======== RECORDS SUPPLIED
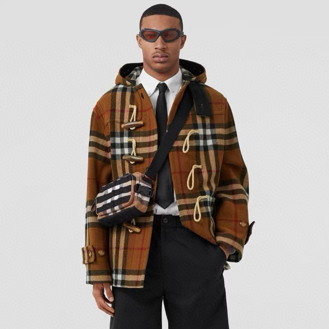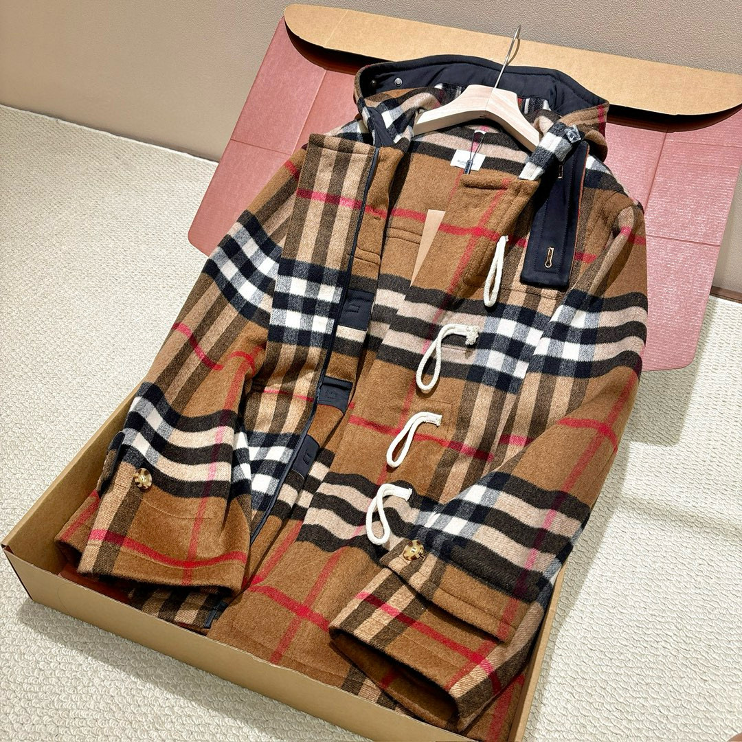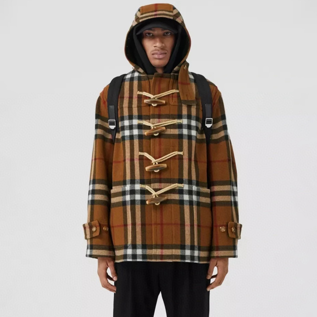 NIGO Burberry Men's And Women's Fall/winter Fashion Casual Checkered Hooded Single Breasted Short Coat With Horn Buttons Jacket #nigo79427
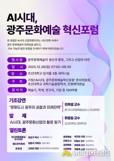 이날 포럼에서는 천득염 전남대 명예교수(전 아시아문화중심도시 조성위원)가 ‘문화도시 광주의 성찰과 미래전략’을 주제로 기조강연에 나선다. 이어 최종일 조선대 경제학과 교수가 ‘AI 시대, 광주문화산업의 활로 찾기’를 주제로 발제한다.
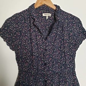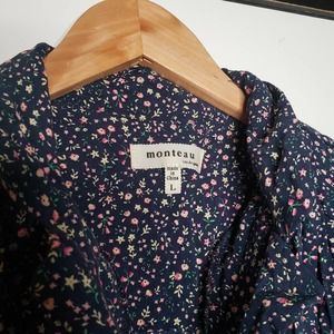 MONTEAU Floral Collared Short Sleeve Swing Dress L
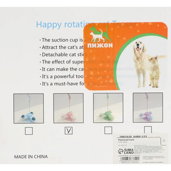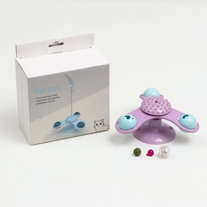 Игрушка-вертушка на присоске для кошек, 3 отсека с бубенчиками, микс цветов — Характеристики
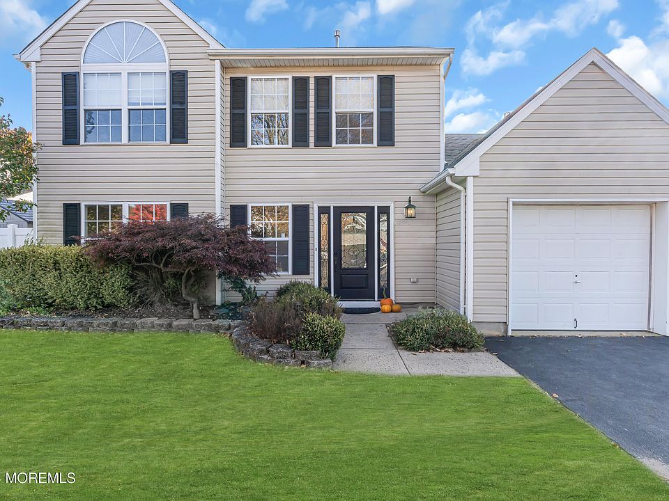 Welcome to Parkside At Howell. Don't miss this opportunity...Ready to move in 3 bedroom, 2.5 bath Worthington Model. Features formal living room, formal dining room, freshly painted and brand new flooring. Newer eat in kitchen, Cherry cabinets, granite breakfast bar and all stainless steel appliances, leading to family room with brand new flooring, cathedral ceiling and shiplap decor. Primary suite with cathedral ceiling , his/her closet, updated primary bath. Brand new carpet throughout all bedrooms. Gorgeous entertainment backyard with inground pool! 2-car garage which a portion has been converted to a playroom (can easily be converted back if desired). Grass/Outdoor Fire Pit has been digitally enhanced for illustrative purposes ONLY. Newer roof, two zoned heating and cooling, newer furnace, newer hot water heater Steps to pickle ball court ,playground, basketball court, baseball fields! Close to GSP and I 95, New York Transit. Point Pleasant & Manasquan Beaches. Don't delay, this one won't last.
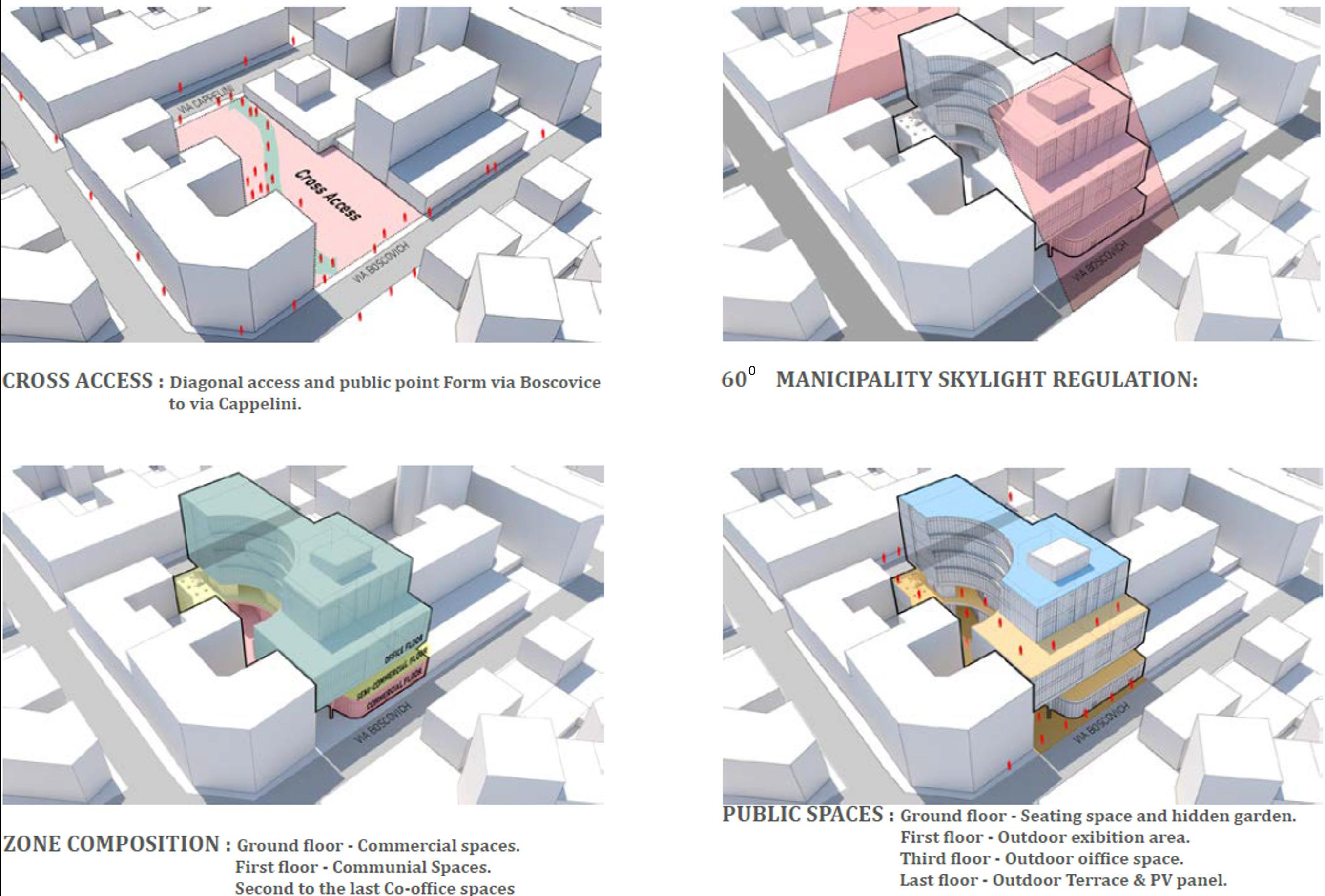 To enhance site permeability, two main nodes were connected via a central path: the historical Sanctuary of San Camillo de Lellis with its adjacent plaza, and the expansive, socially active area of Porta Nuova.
================
* **EXERCISE AIM**
The result should be a precise copy of all the entries, free of pictures.

* **OUTPUT OF THE EXERCISE**
 NIGO Burberry Men's And Women's Fall/winter Fashion Casual Checkered Hooded Single Breasted Short Coat With Horn Buttons Jacket #nigo79427
 이날 포럼에서는 천득염 전남대 명예교수(전 아시아문화중심도시 조성위원)가 ‘문화도시 광주의 성찰과 미래전략’을 주제로 기조강연에 나선다. 이어 최종일 조선대 경제학과 교수가 ‘AI 시대, 광주문화산업의 활로 찾기’를 주제로 발제한다.
 MONTEAU Floral Collared Short Sleeve Swing Dress L
 Игрушка-вертушка на присоске для кошек, 3 отсека с бубенчиками, микс цветов — Характеристики
 Welcome to Parkside At Howell. Don't miss this opportunity...Ready to move in 3 bedroom, 2.5 bath Worthington Model. Features formal living room, formal dining room, freshly painted and brand new flooring. Newer eat in kitchen, Cherry cabinets, granite breakfast bar and all stainless steel appliances, leading to family room with brand new flooring, cathedral ceiling and shiplap decor. Primary suite with cathedral ceiling , his/her closet, updated primary bath. Brand new carpet throughout all bedrooms. Gorgeous entertainment backyard with inground pool! 2-car garage which a portion has been converted to a playroom (can easily be converted back if desired). Grass/Outdoor Fire Pit has been digitally enhanced for illustrative purposes ONLY. Newer roof, two zoned heating and cooling, newer furnace, newer hot water heater Steps to pickle ball court ,playground, basketball court, baseball fields! Close to GSP and I 95, New York Transit. Point Pleasant & Manasquan Beaches. Don't delay, this one won't last.
 To enhance site permeability, two main nodes were connected via a central path: the historical Sanctuary of San Camillo de Lellis with its adjacent plaza, and the expansive, socially active area of Porta Nuova.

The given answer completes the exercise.